## PROBLEM STATEMENT
Further down are entries; set down exactly and only the lines from the one with "Uppu Mirapakaya is" up to and including the one with "Make a stunning", dropping each picture.

## RECORDS FOR THIS TASK
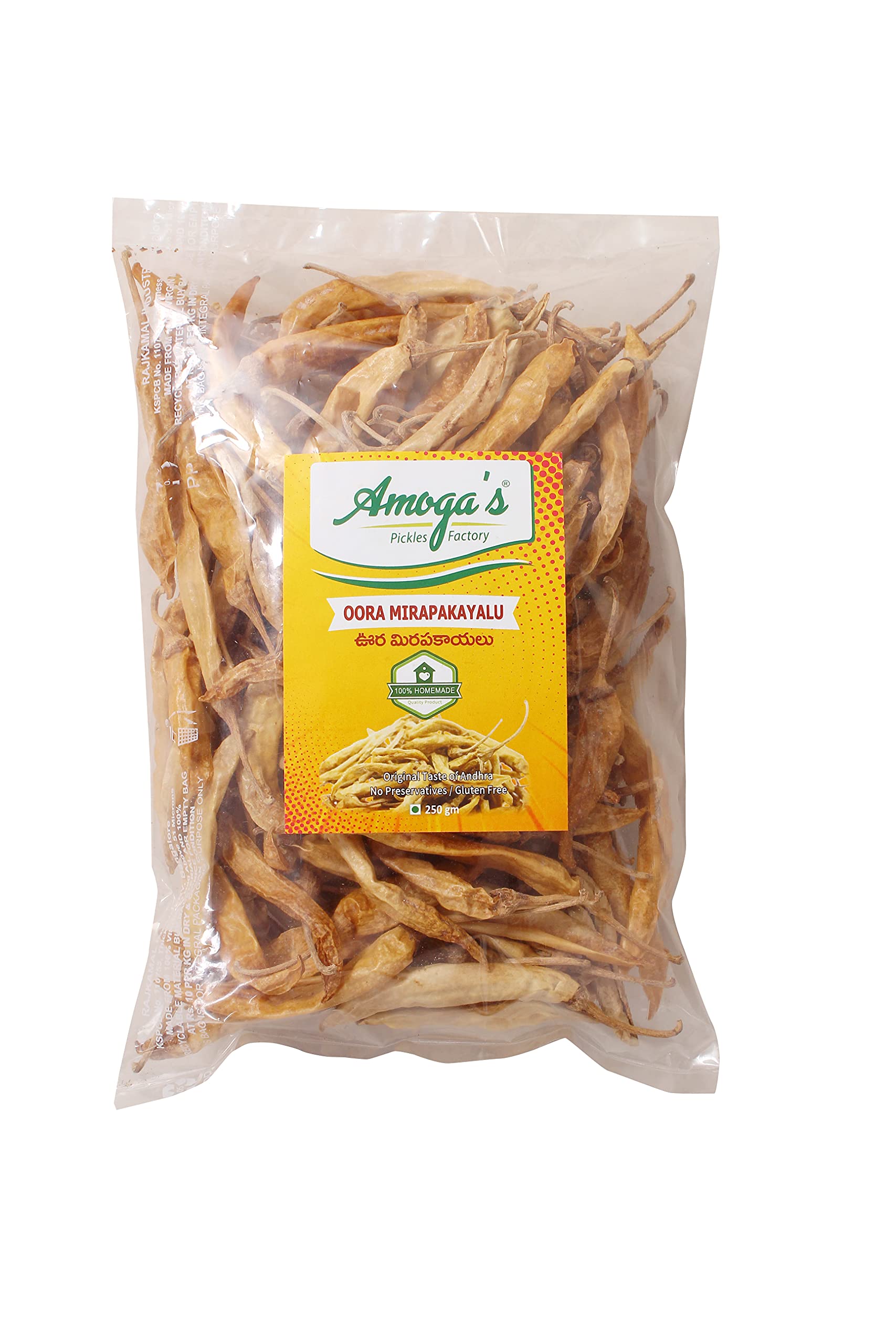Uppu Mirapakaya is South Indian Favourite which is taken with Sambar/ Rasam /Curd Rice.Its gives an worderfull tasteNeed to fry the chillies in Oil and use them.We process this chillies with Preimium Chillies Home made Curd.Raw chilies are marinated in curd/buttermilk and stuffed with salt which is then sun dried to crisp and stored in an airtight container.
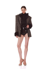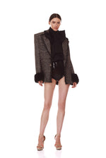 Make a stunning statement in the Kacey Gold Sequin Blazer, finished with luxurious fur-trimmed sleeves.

* * *

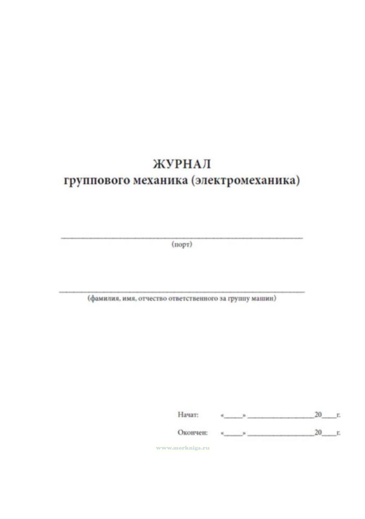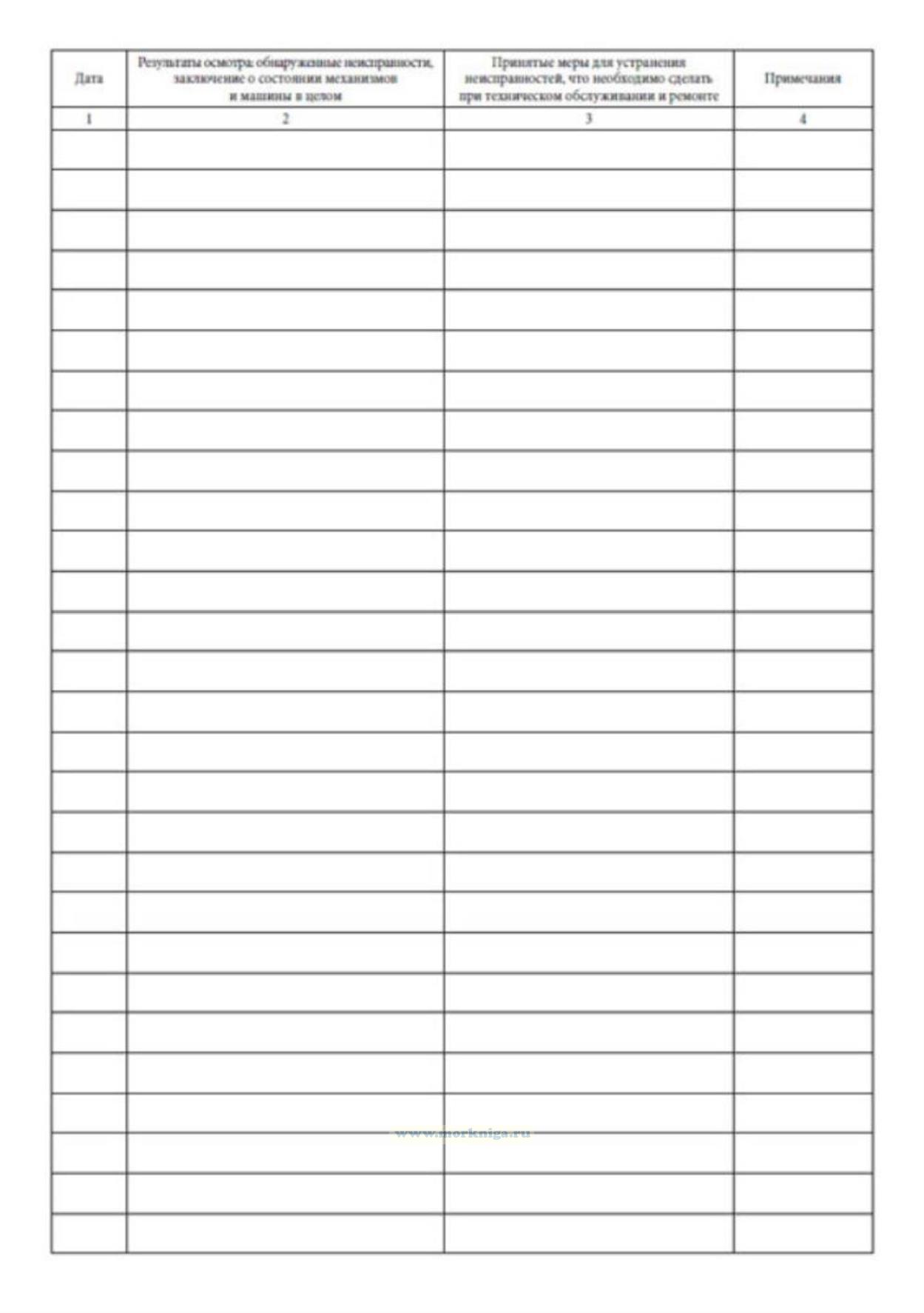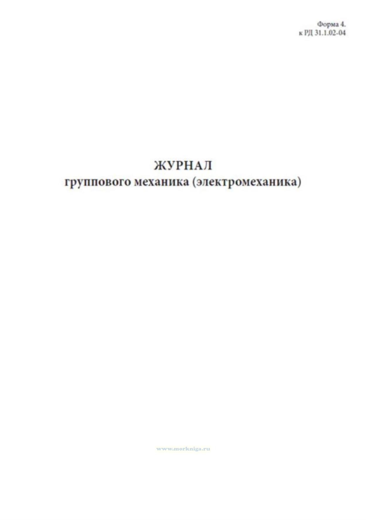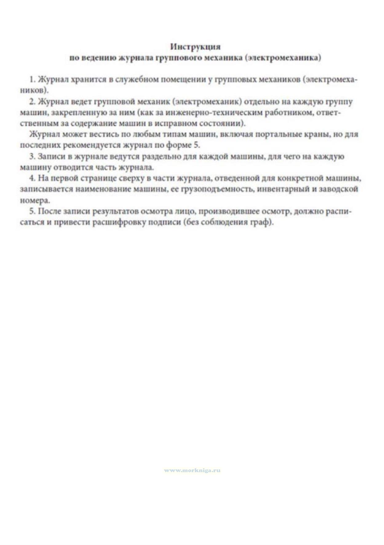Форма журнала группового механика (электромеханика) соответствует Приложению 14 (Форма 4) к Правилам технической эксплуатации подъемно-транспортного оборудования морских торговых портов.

## ANSWER FOR THE TASK
Uppu Mirapakaya is South Indian Favourite which is taken with Sambar/ Rasam /Curd Rice.Its gives an worderfull tasteNeed to fry the chillies in Oil and use them.We process this chillies with Preimium Chillies Home made Curd.Raw chilies are marinated in curd/buttermilk and stuffed with salt which is then sun dried to crisp and stored in an airtight container.
 Make a stunning statement in the Kacey Gold Sequin Blazer, finished with luxurious fur-trimmed sleeves.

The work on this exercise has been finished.